Je relis avec plaisir et émotion Introduction à la pensée complexe d'Edgar Morin. J'admire la façon humble et joyeuse qu'il a de jongler avec les concepts, passant élégamment de la thermodynamique à Dostoïevski, de la biologie à Shakespeare.
C'est un livre absolument nécessaire pour tenter de penser la bouillonnante marmite du monde en évitant les écueils du simplisme, du réductionnisme, des idées disjonctives. Les pièges sont si nombreux. Celui de la logique rationalisante notamment, qui évacue toute honte bue ce qui n'adhère pas à son plan de raisonnement... et mutile ainsi la réalité dans sa multiplicité.
Extraits :
Nous approchons d'une mutation inouïe dans la connaissance : celle-ci est de moins en moins faite pour être réfléchie et discutée par les esprits humains, de plus en plus faite pour être engrammée dans des mémoires informationnelles et manipulées par les puissances anonymes, au premier chef les Etats. Or, cette nouvelle, massive et prodigieuse ignorance, est elle-même ignorée des savants. Ceux-ci, qui ne maîtrisent pas, pratiquement, les conséquences de leurs découvertes, ne contrôlent même pas intellectuellement le sens et la nature de leur recherche.

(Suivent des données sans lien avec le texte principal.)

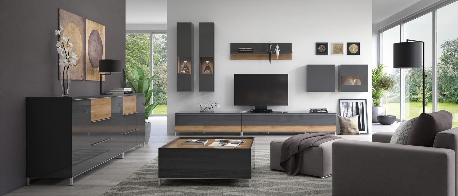 -bočne strane stola i frontovi fioka lakirani UV lakom u visokom sjaju u artaktivnoj Antracit boji
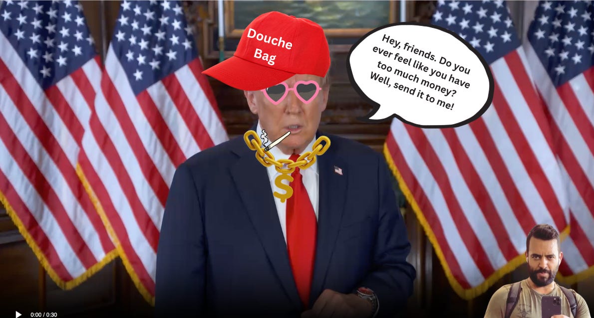 By day, Donald Trump can play act president, sitting behind a desk while Stephen Miller and Russell Vought pull off the final remaining strings off this democracy thing we used to have. By afternoon, Donald Trump can nap on his sofa while dreaming of 15-year-old Annette Funicello in her poodle skirt. And by night, Donald Trump can bleed dry his followers and send them off with bullshit timepiece that scream to all involved, I AM BOTH SUCKER AND DOUCHE.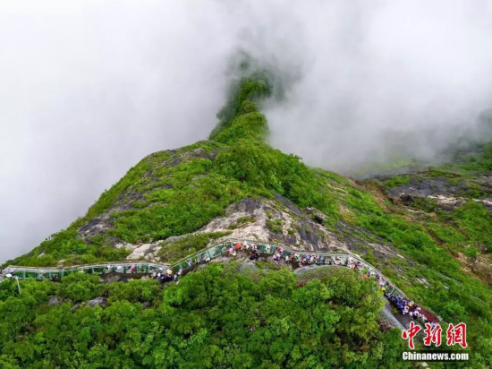 如果是雨后初晴的清晨,有幸可看到浩瀚云海在重峦叠嶂之间缓缓流动,如幻似梦,宛若人间仙境。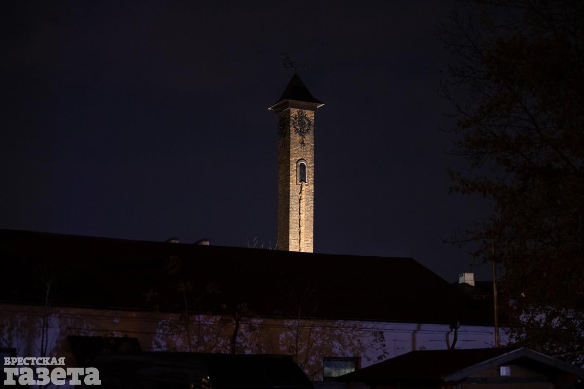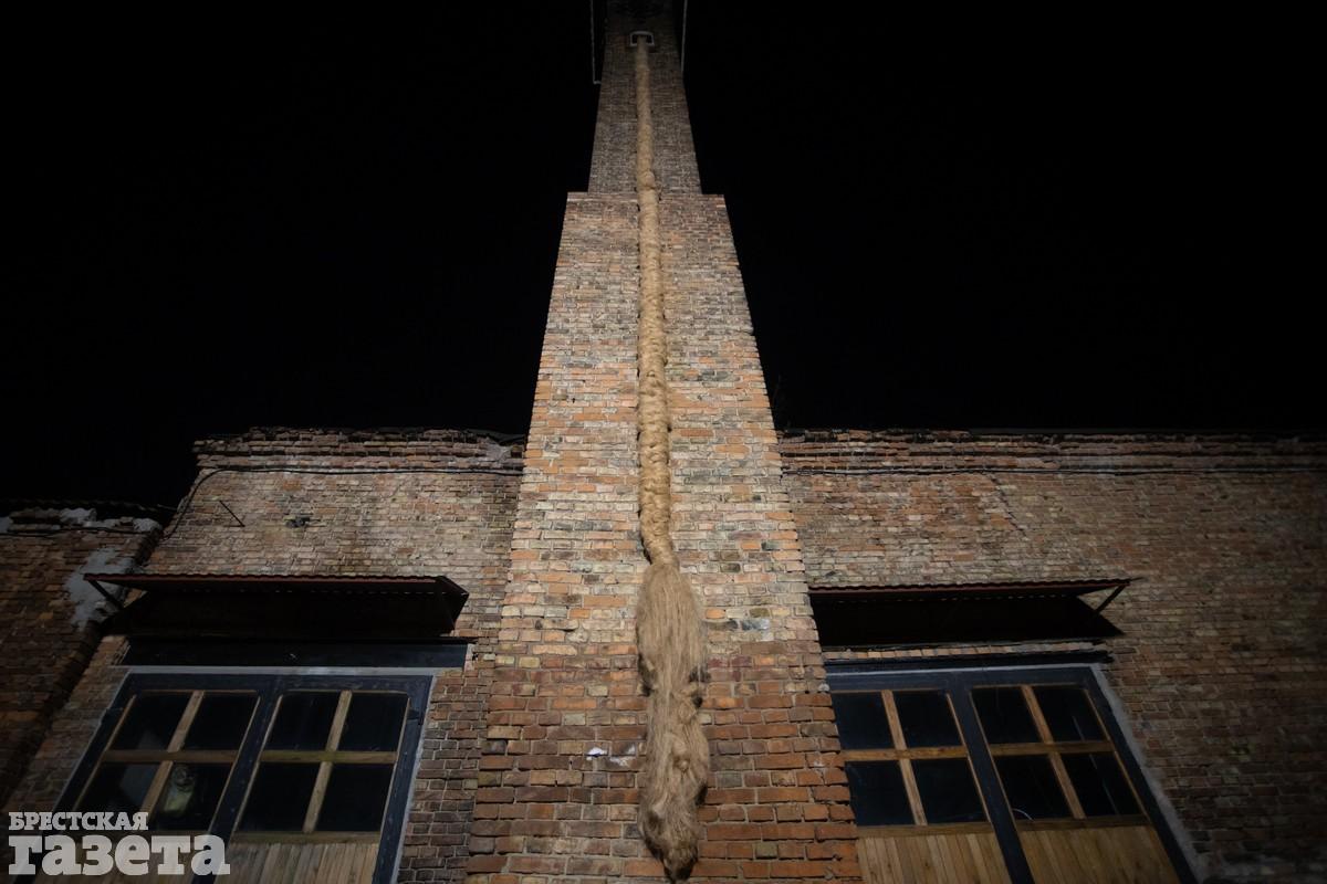 Для инсталляции «Запасной выход» рабочие «заплели» косу Рапунцель на башне во дворике здания.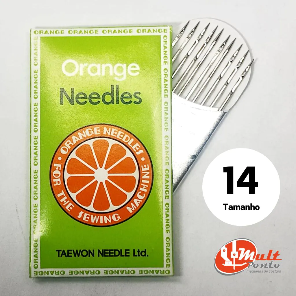 Agulhas Orange Needles Número 14 Pacote com 10 Agulhas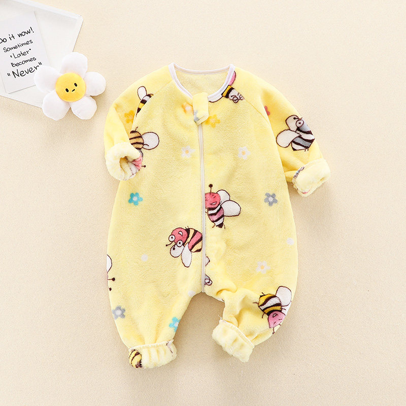 男女宝宝儿童家居服防踢被秋冬法兰绒婴儿双面绒连体睡衣小蜜蜂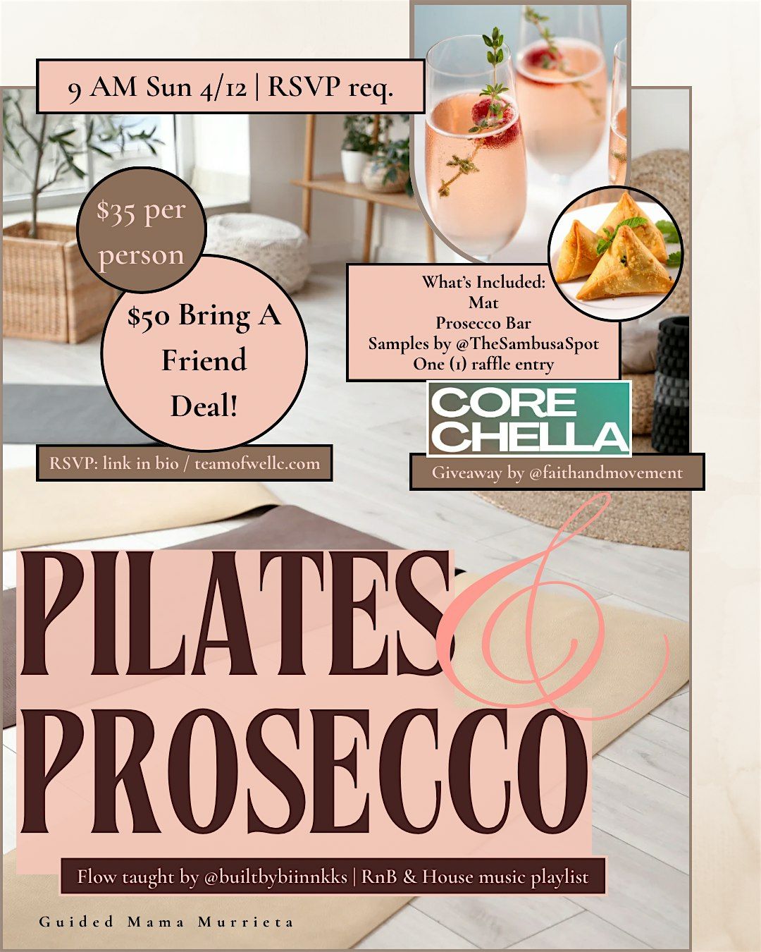 This intimate wellness experience blends gentle Pilates, a curated Prosecco bar, and community connection — the perfect “mom morning out” to start your week refreshed.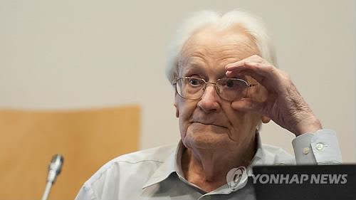 (서울=연합뉴스) 이 율 기자 = 과거 나치 정권 시절 집단수용소인 아우슈비츠에서 30만 명의 학살에 공조한 혐의로 기소된 나치 친위대원(SS) 오스카 그뢰닝(94)에게 징역 4년이 선고됐다.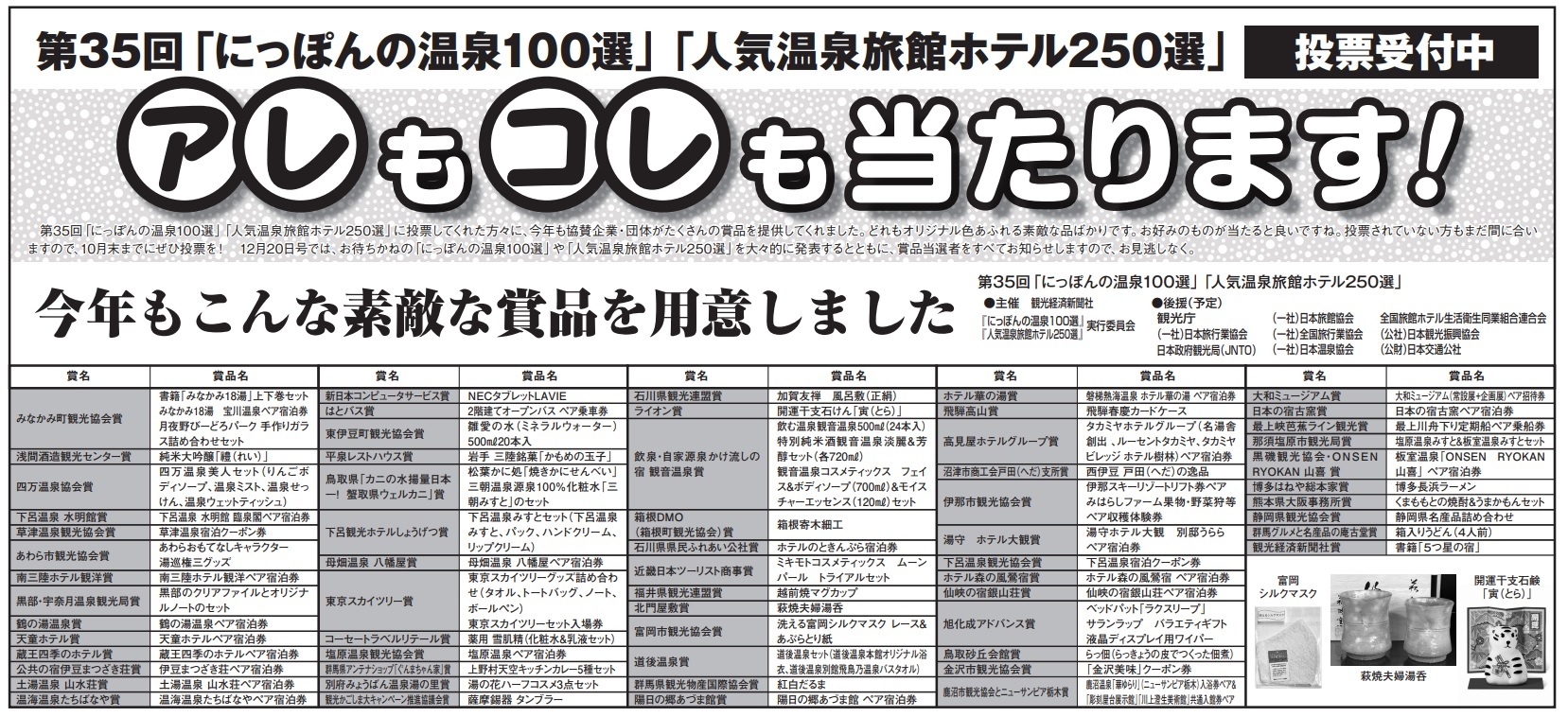 観光経済新聞社主催「第35回にっぽんの温泉100選・人気温泉旅館ホテル250選」投票受付中!

(Introduction à la pensée complexe a été écrit en 1990, soit avant le développement d'internet et des réseaux sociaux. Le phénomène constaté par Edgar Morin était déjà à l'oeuvre à l'époque mais il a empiré. En ce sens, ce texte est visionnaire.)
Qu'est-ce que la complexité ? Au premier abord, la complexité est un tissu (complexus : ce qui est tissé ensemble) de constituants hétérogènes inséparablement associés : elle pose le paradoxe de l'un et du multiple. Au second abord, la complexité est effectivement le tissu d'événements, actions, interactions, rétroactions, déterminations, aléas, qui constituent notre monde phénoménal. Mais alors la complexité se présente avec les traits inquiétants du fouillis, de l'inextricable, du désordre, de l'ambiguïté, de l'incertitude... D'où la nécessité, pour la connaissance, de mettre de l'ordre dans les phénomènes en refoulant le désordre, d'écarter l'incertain, c'est-à-dire de sélectionner les éléments d'ordre et de certitude, de désambiguïser, clarifier, distinguer, hiérarchiser... Mais de telles opérations, nécessaires à l'intelligibilité, risquent de rendre aveugle si elles éliminent les autres caractères du complexus ; et effectivement, comme je l'ai indiqué, elles nous ont rendus aveugles.
(Edgar Morin se montre de nouveau visionnaire. Le détissage de la réalité complexe en réalité simple à des fins de rationalisation économique et comptable s'est considérablement aggravé. Comment, alors, penser sérieusement les technologies de la robotique et de l'intelligence artificielle si on s'enferme dans une logique de l'immédiat tronqueur et trompeur ? Comment accommoder au soi friable et incertain les énigmes grandissantes des deux infinis qui bouleversent nos conceptions étriquées de l'espace et du temps ?)
Une des conquêtes préliminaires dans l'étude du cerveau humain est de comprendre qu'une de ses supériorités sur l'ordinateur est de pouvoir travailler avec de l'insuffisant et du flou ; il faut désormais accepter une certaine ambiguïté et une ambiguïté certaine (dans la relation sujet/objet, ordre/désordre, auto-hétéro-organisation). Il faut reconnaître des phénomènes, comme liberté ou créativité, inexplicables hors du cadre complexe qui seul permet leur apparition.
(Autrement dit, pour qu'une intelligence artificielle accède au statut de sujet sans cesser pour autant d'être un objet interférant, elle devra pouvoir penser le flou et entrer dans la dimension onirique sans laquelle rien n'est possible. C'est encore de la science-fiction mais plus pour longtemps. Alors, on se souviendra d'Asimov, de Bradbury et de Morin, ces grands visionnaires.)
Introduction à la pensée complexe d'Edgar Morin est disponible en Points-Seuil pour la modique somme de six euros.